## Task details
Using the listing below, output only the lines from the one that contains "Looking for a" through the one that contains "酒店无线蓝牙款自动喷香机根源除臭生物分解光香氛机壁挂式扩香机", inclusive, exactly as given and without images.

## Stored data
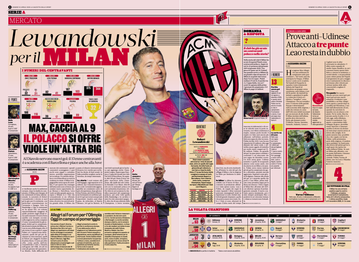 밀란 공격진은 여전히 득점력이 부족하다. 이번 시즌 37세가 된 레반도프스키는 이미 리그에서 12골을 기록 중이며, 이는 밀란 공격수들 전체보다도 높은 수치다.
---
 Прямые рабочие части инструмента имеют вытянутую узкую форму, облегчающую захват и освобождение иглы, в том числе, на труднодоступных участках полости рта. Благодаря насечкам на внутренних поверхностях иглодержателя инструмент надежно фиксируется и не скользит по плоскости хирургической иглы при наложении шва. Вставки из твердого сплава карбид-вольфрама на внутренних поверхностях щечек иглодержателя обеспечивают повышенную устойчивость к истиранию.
--
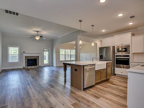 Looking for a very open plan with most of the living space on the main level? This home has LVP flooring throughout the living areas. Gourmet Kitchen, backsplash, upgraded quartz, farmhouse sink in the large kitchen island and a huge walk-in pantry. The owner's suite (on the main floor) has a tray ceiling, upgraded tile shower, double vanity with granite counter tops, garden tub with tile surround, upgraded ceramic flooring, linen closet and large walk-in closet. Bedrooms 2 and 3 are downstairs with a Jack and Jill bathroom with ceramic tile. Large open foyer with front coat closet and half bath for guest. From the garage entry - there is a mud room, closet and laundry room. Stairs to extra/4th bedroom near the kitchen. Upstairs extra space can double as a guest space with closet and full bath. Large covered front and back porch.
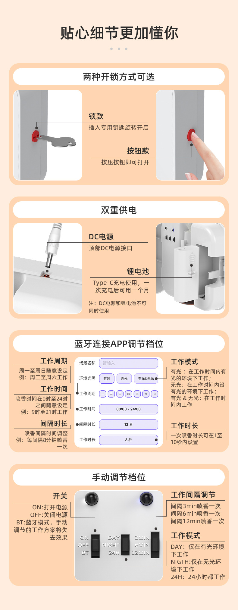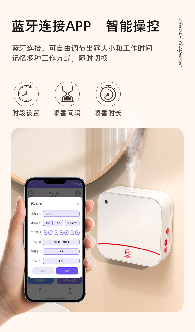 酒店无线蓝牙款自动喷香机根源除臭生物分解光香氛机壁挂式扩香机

## Response to the exercise
 Looking for a very open plan with most of the living space on the main level? This home has LVP flooring throughout the living areas. Gourmet Kitchen, backsplash, upgraded quartz, farmhouse sink in the large kitchen island and a huge walk-in pantry. The owner's suite (on the main floor) has a tray ceiling, upgraded tile shower, double vanity with granite counter tops, garden tub with tile surround, upgraded ceramic flooring, linen closet and large walk-in closet. Bedrooms 2 and 3 are downstairs with a Jack and Jill bathroom with ceramic tile. Large open foyer with front coat closet and half bath for guest. From the garage entry - there is a mud room, closet and laundry room. Stairs to extra/4th bedroom near the kitchen. Upstairs extra space can double as a guest space with closet and full bath. Large covered front and back porch.
 酒店无线蓝牙款自动喷香机根源除臭生物分解光香氛机壁挂式扩香机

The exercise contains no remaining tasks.